- **Available data**:
-----

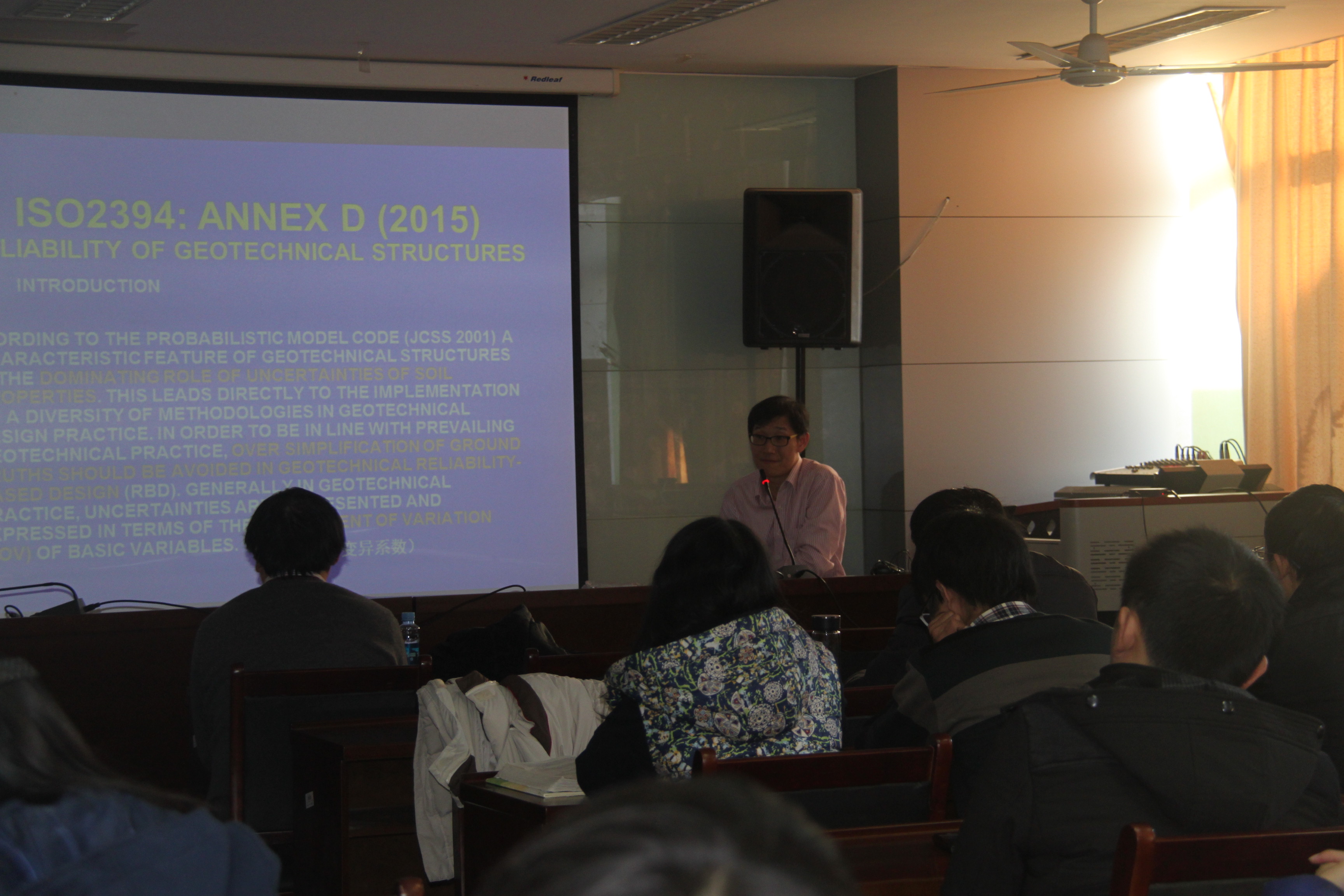2014年12月17日下午,新加坡工程院院士、新加坡国立大学首席教授、国家级人才方国光教授应邀在我院学术报告厅做了题为“Statistical Characterization of Site Investigation Information”的学术报告。报告会由建工学院宋固全院长主持,我院土木、岩土、水利等专业的师生聆听了报告。
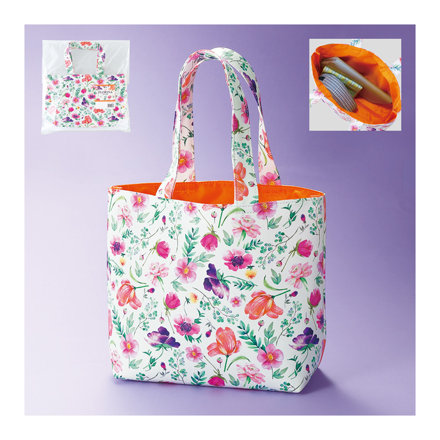 カラフル&エレガントな花柄に、中生地のオレンジ色がアクセントとなりおしゃれ。
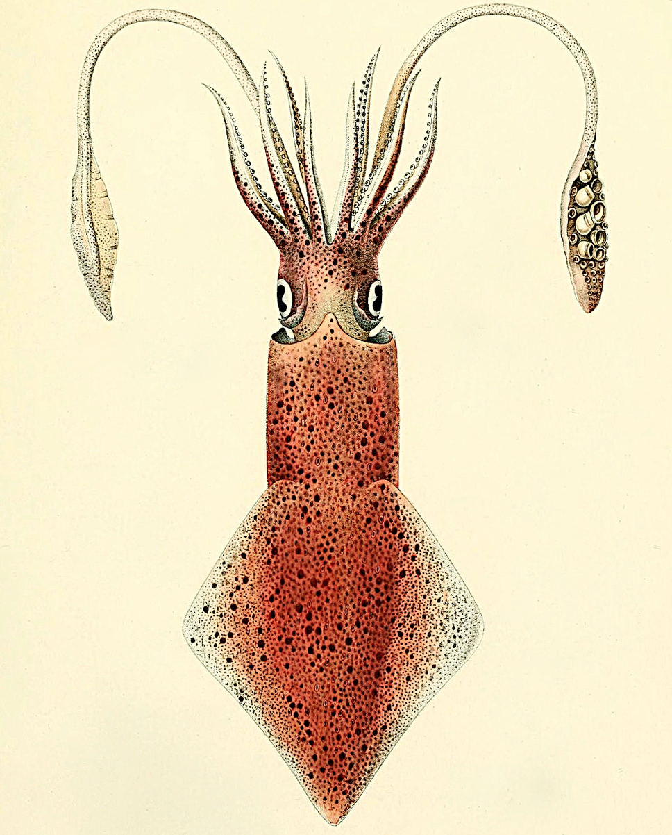 Loligo Vularis Ocean Sea squid Art Rendering Addition Print

-----

- **Description of the task**: Output the lines above in full and exactly as given, omitting any pictures.

- **Solved exercise**:
2014年12月17日下午,新加坡工程院院士、新加坡国立大学首席教授、国家级人才方国光教授应邀在我院学术报告厅做了题为“Statistical Characterization of Site Investigation Information”的学术报告。报告会由建工学院宋固全院长主持,我院土木、岩土、水利等专业的师生聆听了报告。
 カラフル&エレガントな花柄に、中生地のオレンジ色がアクセントとなりおしゃれ。
 Loligo Vularis Ocean Sea squid Art Rendering Addition Print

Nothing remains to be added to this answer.